Apart from the pictures, every line below is to be set down exactly.

▶ Dataset excerpts:
--- START ---

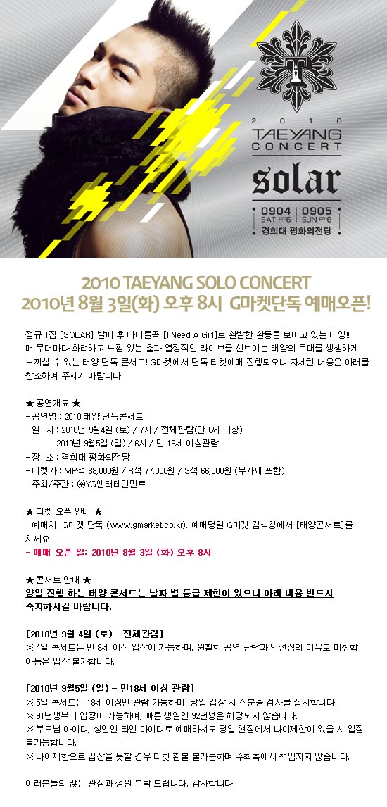Due to the content for Taeyang’s concerts, the age limit rule was added so the below information must be read. We hope you read it.
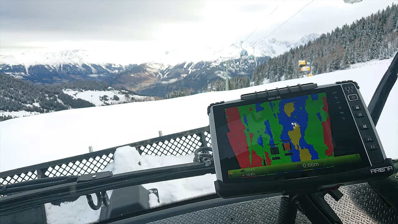 ARENA PistenManagement ponuja programsko opremo in geografske informacijske sisteme; njihov glavni poudarek je na upravljanju smučišč. Uporabljajo programsko opremo “3DMC” podjetja Topcon, enega vodilnih proizvajalcev rešitev GNSS. Programska oprema omogoča voznikom, da si ogledajo trenutne ravni snega in prehode, ki jih opravijo povezani snežni plugi, ki delujejo na smučarskem območju. Robustna tablica Algiz 10X deluje kot monitor in je pritrjena v kabini s pomočjo priključka za vozilo (ALG10X-05C) in nosilca RAM (RAM-101U-2461).
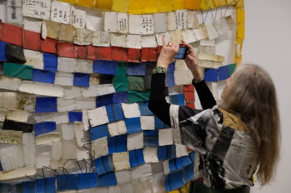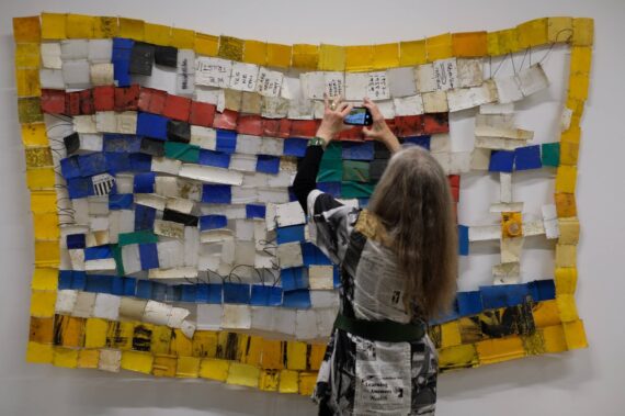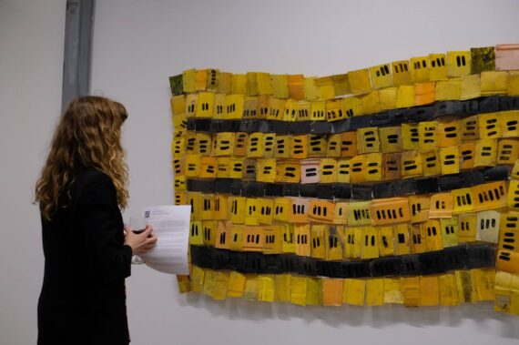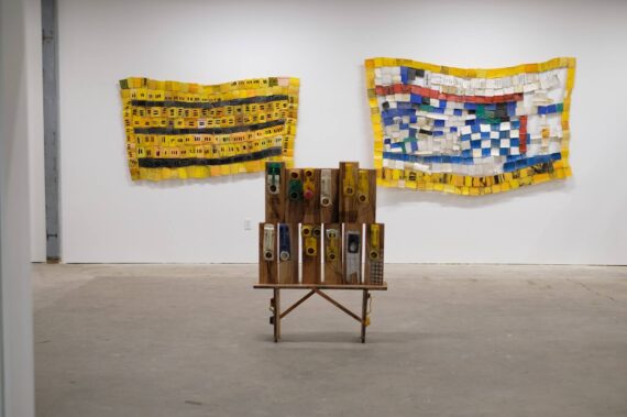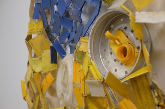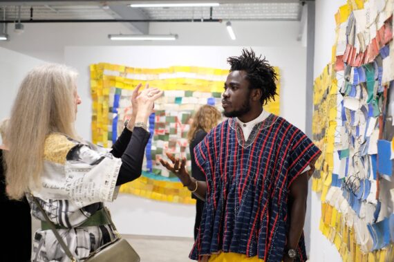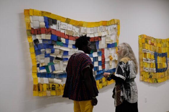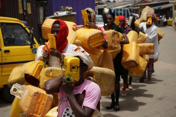 Serge Attukwei Clottey has gained international recognition via the Internet and through his travels overseas with his works focusing on the yellow jerry cans, an iconic visual symbol that have become central to his work; these yellow gallon drums used to bring water to homes of the underprivileged can be seen throughout the poorer neighbourhoods of Accra and becomes his optical metaphor for the underdevelopment of Ghana’s Capital.
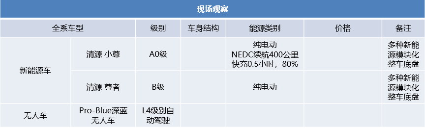 点评:清源汽车仅展示出概念样车,样车无法自助体验。
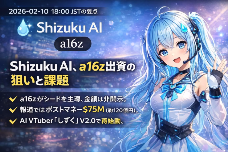 日本時間では2026-02-10にかけて報道が相次ぎ、AI VTuber「しずく」V2.0の再始動直後というタイミングも相まって話題化しています。
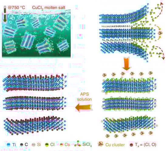 - Alhabeb, M.; Maleski, K.; Mathis, T.S.; Sarycheva, A.; Hatter, C.B.; Uzun, S.; Levitt, A.; Gogotsi, Y. Selective Etching of Silicon from Ti3SiC2 (MAX) To Obtain 2D Titanium Carbide (MXene). Angew. Chem. Int. Ed. Engl. 2018, 57, 5444–5448. [Google Scholar] [CrossRef] [PubMed]
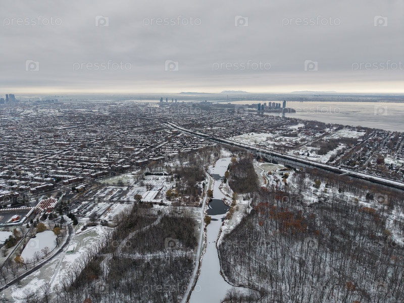 Зимний вид из воздуха на пригороды Монреаля, снежный парк Ангриньон и реку возле Лачина и Вердена под облачным небом

--- END ---

▶ Solution:
Due to the content for Taeyang’s concerts, the age limit rule was added so the below information must be read. We hope you read it.
 ARENA PistenManagement ponuja programsko opremo in geografske informacijske sisteme; njihov glavni poudarek je na upravljanju smučišč. Uporabljajo programsko opremo “3DMC” podjetja Topcon, enega vodilnih proizvajalcev rešitev GNSS. Programska oprema omogoča voznikom, da si ogledajo trenutne ravni snega in prehode, ki jih opravijo povezani snežni plugi, ki delujejo na smučarskem območju. Robustna tablica Algiz 10X deluje kot monitor in je pritrjena v kabini s pomočjo priključka za vozilo (ALG10X-05C) in nosilca RAM (RAM-101U-2461).
 Serge Attukwei Clottey has gained international recognition via the Internet and through his travels overseas with his works focusing on the yellow jerry cans, an iconic visual symbol that have become central to his work; these yellow gallon drums used to bring water to homes of the underprivileged can be seen throughout the poorer neighbourhoods of Accra and becomes his optical metaphor for the underdevelopment of Ghana’s Capital.
 点评:清源汽车仅展示出概念样车,样车无法自助体验。
 日本時間では2026-02-10にかけて報道が相次ぎ、AI VTuber「しずく」V2.0の再始動直後というタイミングも相まって話題化しています。
 - Alhabeb, M.; Maleski, K.; Mathis, T.S.; Sarycheva, A.; Hatter, C.B.; Uzun, S.; Levitt, A.; Gogotsi, Y. Selective Etching of Silicon from Ti3SiC2 (MAX) To Obtain 2D Titanium Carbide (MXene). Angew. Chem. Int. Ed. Engl. 2018, 57, 5444–5448. [Google Scholar] [CrossRef] [PubMed]
 Зимний вид из воздуха на пригороды Монреаля, снежный парк Ангриньон и реку возле Лачина и Вердена под облачным небом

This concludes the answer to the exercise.